Notamment lors de l'octroi de concessions nouvelles. " C'est ainsi, note
la Cour dans son rapport, que des sociétés sont amenées
à supporter des charges sans lien avec leur activité principale.
" Ainsi la SAPR, concessionnaire de l'A5 et de l'A6, s'est retrouvée
en charge du tunnel de Sainte-Marie-aux-Mines, en Alsace, permettant le passage
de la RN59. A la charge - supplémentaire - des usagers de l'autoroute
du Sud.
Sur l'air du pousse-au-crime, les servitudes de L'État ne sont pas en
reste. Dans ce lobby autoroutier, il faut inscrire les ingénieurs
des Ponts et Chaussées. Jusqu'à une date récente, ces
grands seigneurs organisés en corps percevaient en toute légalité
une commission de cinq pour mille des dépenses de construction ainsi
que des recettes de péage. Rassemblés à titre collectif,
les fonds étaient redistribués sous forme de primes. Authentique
! La justification ? L'expertise de ces ingénieurs de haut vol en matière
de contrôle. Personne ne remettra en cause leurs grandes compétences.
Mais de là à penser qu'ils avaient un intérêt personnel
à développer le programme autoroutier…
Les parlementaires ont maintenant de quoi réfléchir. La dette
laissée par la construction des autoroutes existe. Il faudra bien l'honorer.
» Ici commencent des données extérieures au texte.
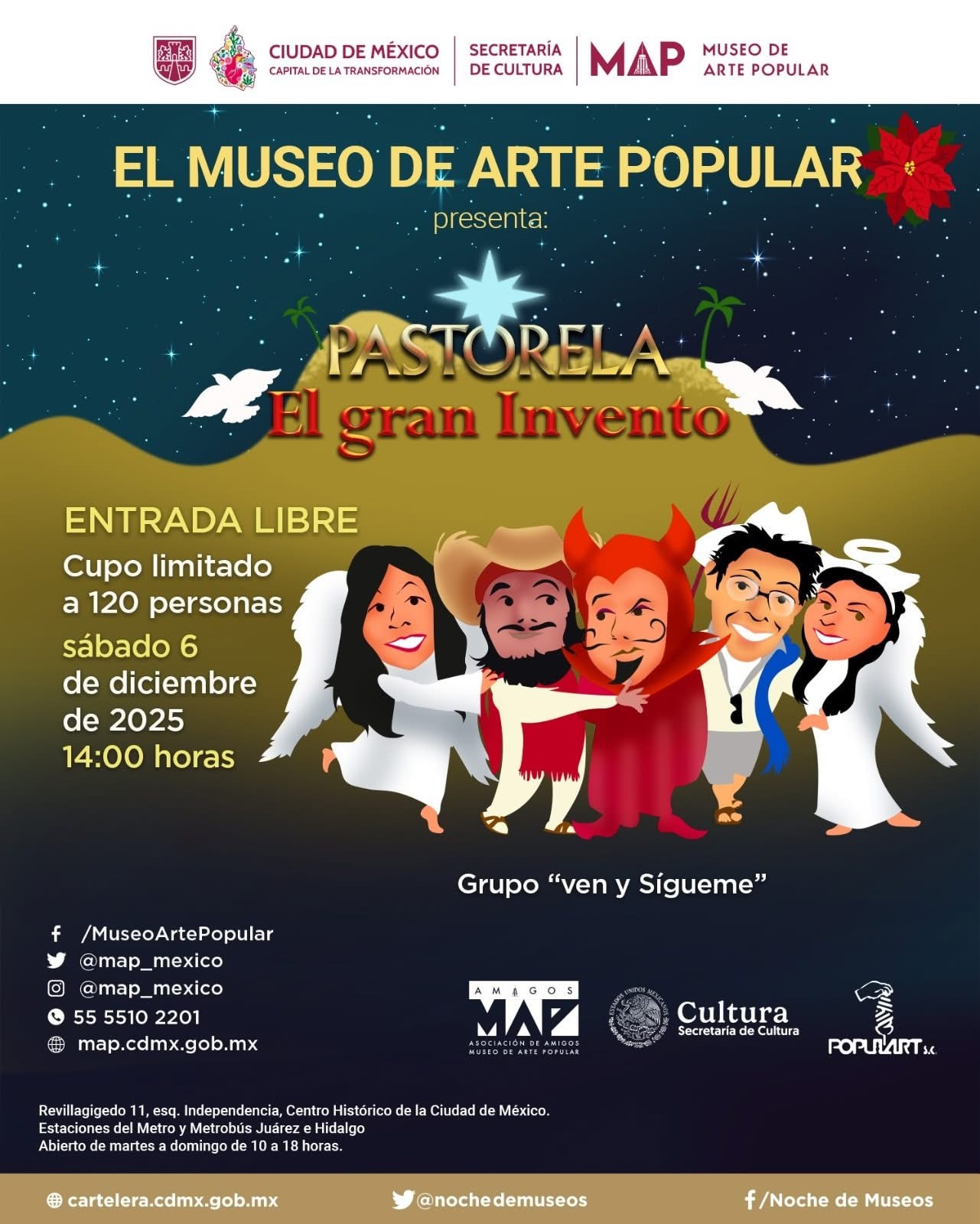 Pastorela El gran Invento admin diciembre 4, 2025 artepopular Pastorela El gran Inventomap.cdmx.gob.mx Navegación de entradas Anterior Entrada anterior: Arte/Sano entre Artistas 8.0Siguiente Entrada siguiente: 19° Concurso de Papalotes del MAP

Le public lui-même a pris conscience de la nécessité de
freiner le programme autoroutier. Selon le Crédoc, les utilisateurs étaient
majoritairement favorables au développement du réseau il y a quatre
ans. Aujourd'hui, ils ne sont plus que 38 %. Ils souhaitent même une diversification
des moyens de transports et un meilleur entretien du réseau national
existant.
Les déclarations ambiguës, et parfois contradictoires, du ministre
des Transports ne permettent pas de préjuger de l'avenir. Devant le désastre
de l'incendie du tunnel du Mont-blanc, Jean-Claude Gayssot a promis un changement
de la politique des transports, et le ferroutage pour demain. Depuis, rien n'a
bougé. Il est vrai que, peu de temps auparavant, en octobre 1998, devant
le Parlement, le ministre tenait un tout autre discours : " Le gouvernement
n'a jamais remis en cause le programme autoroutier ", avait-il affirmé.
Que croire ?
Le réseau et ses ratés
v Le troisième tronçon de l'axe
Marseille-Genéve, trop cher, trop destructeur, a été remis
à l'étude.
v Tunnel de Sainte-Marie-aux-Mines, adossé
à l'A8-A6.
v Emplacement du pont de Normandie, qui, pendant
plusieurs années, a débouché sur une départementale.